Davacı vekili söz konusu çeklerin avans çeki olarak alınacak mallar karşılığı davalıya verildiğini ileri sürmekte iken, davalı taraf ise çeklerin avans olarak verildiği iddiasını kabul etmeyip, davacıdan olan alacağına mahsuben ve 10/09/2014 tarihinde karşılıklı mutabakat sağlandıktan sonra sıralı çeklerin alındığını, 30/08/2015 tarihli ….-TL’lik çekin davacının kendisinden aldığı nakde binaen kendisine verildiğini savunmaktadır. Davacı tarafın nakde sıkışması sonucu söz konusu çeklerin verildiğini ileri sürmektedir. Ayrıca davalı taraf davacıya borçlu olmadığı gibi davacıdan cari ilişki sonucu ….-TL alacaklı olduğunu ileri sürmektedir.
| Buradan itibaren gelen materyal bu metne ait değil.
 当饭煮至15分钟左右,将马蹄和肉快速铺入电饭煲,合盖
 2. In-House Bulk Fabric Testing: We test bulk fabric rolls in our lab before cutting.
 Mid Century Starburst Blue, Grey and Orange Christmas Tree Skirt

Uyuşmazlık; davaya konu edilen ve bedeli ödenmekle kendiliğinden istirdada dönüşen 5 adet çekin davacı tarafından davalıya aradaki ticari ilişki uyarınca avans olarak verilip verilmediği, avans olarak verilmişse bedelsiz kalıp kalmadığı, ayrıca taraflar arasındaki cari hesap ilişkisi nedeniyle davacının davalıdan istirdadını talep edebileceği fazla ödemenin bulunup bulunmadığı hususlarına ilişkindir.
Dosya içerisine sunulan 10/09/2014 tarihli belgenin incelenmesinde; “30/08/2015 tarihli … nolu ….-TL’lik çek nakit verilen paralar karşılığı teminat çeki olarak alınmıştır.” ibaresinin yazılı olduğu, belgenin altında ise … ile … isim ve imzalarının yazılı olduğu anlaşılmaktadır.
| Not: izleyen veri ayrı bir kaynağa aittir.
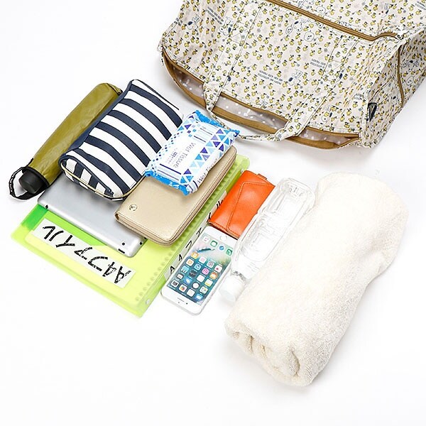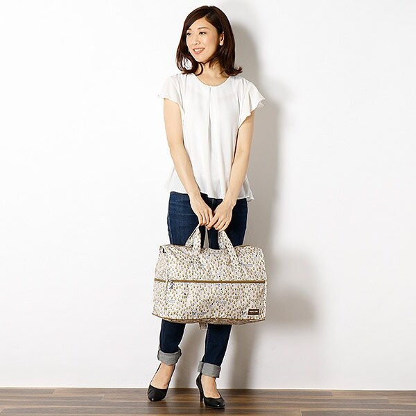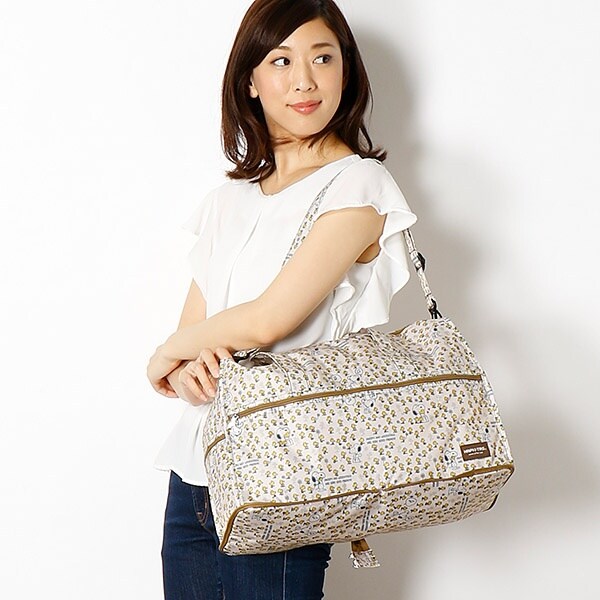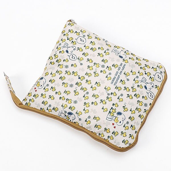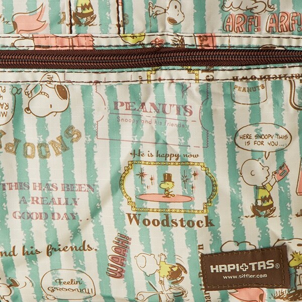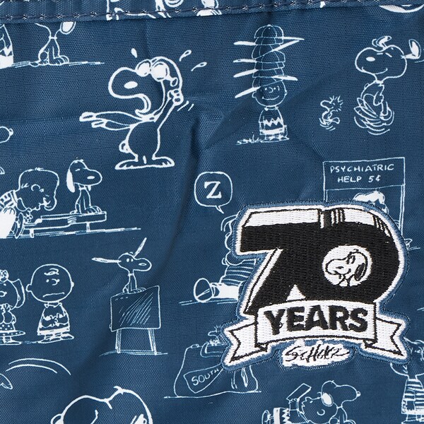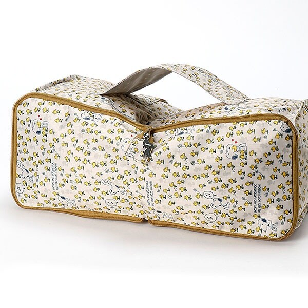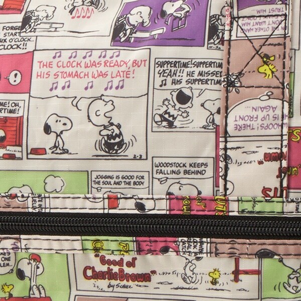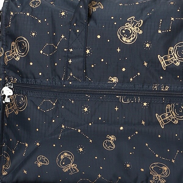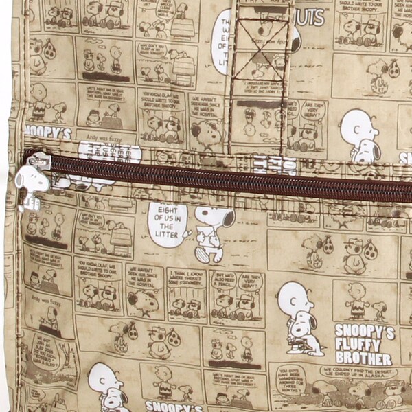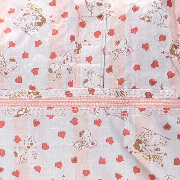小さく持って大きく使える!持ち運ぶ時は折りたたんでコンパクトに♪荷物が増えたらサッと広げて使えます。旅行だけでなく、普段使いのサブバッグやショッピングバッグにもおススメです!スーツケースのキャリーバーに通して持ち運ぶこともできます。ファスナートップ、内装にもこだわり、細部にもスヌーピーの世界を感じることができます。

Davacı vekili tarafından sunulan … tarihli dilekçede; söz konusu belgede bahsi geçen ….-TL bedelli çekin davalı şirket temsilcisi olan …’a müvekkili şirket temsilcisi … tarafından teslim edildiği, bu çekin teminat vasfı konusunda ihtilaf olmadığı kanaatinde olduklarının belirtildiği anlaşılmaktadır.
Mali müşavir bilirkişi … tarafından tarafların ticari defter ve kayıtları incelenerek düzenlenen … tarihli rapora göre; davacının incelenen defterlerinin 2012, 2013, 2014 yıllarına ait olanlarının kapanış tasdiklerinin yapılmış olup, 2015 yılı defterlerinin henüz tasdik süresinin dolmaması nedeniyle kapanış tasdikinin yapılmadığının görüldüğünü, davalının ticari defterlerinin de aynı şekilde 2011 yılının kapanış tasdiki olmayıp, 2012, 2013 ve 2014 defterlerinin kapanış tasdiklerinin bulunduğunun, fakat 2015 yılı defterlerinin kapanış tasdiki için süre bulunması nedeniyle kapanış tasdikinin yaptırılmadığı, davacının defter kayıtlarına göre davalıdan teslim aldığı mal bedelinin ….-TL olduğu, teslim aldığı nakit paranın ….-TL olup, davalıya teslim ettiği nakit ve çek bedelinin ise ….-TL olup, buna göre davacının fazla ödemesinin ….-TL olarak kayıtlarda göründüğünü, davalının defterlerinin incelenmesine göre ise davacıya yapılan teslimat bedelinin 3.173.249,26.-TL olup, iade olunan 4 adet fatura bedeli ….-TL düşüldüğünde ….-TL hesap edildiğini, ortaya çıkan bu sonucun davacının kayıtlarındaki mal alım bedeli olan ….-TL’ye yakın olduğunu, davacı tarafından iadesi yapılan 4 adet faturaların yapılan iş ve verilen malzemeler karşılığı olduğunu, … Anadolu Lisesi ve … Fen Lisesi Pansiyon İnşaatı işi için kesildiğini, bu malzemeler verilip işçiliğin kendileri tarafından yapıldığının davalı tarafça iddia edildiğini, fakat bu iddianın İnşaat Mühendisi Bilirkişi incelemesiyle tespitinin mümkün olabileceğini, davacı tarafın kendisine gönderilen bu ….-TL bedelli faturaları 8 günlük süresi içerisinde itiraz ederek iade ettiğinin anlaşıldığını, sonuç olarak davacının davalıdan 624.918,99.-TL olarak alacaklı olduğu yönünde görüş ve kanaat belirtildiği anlaşılmıştır.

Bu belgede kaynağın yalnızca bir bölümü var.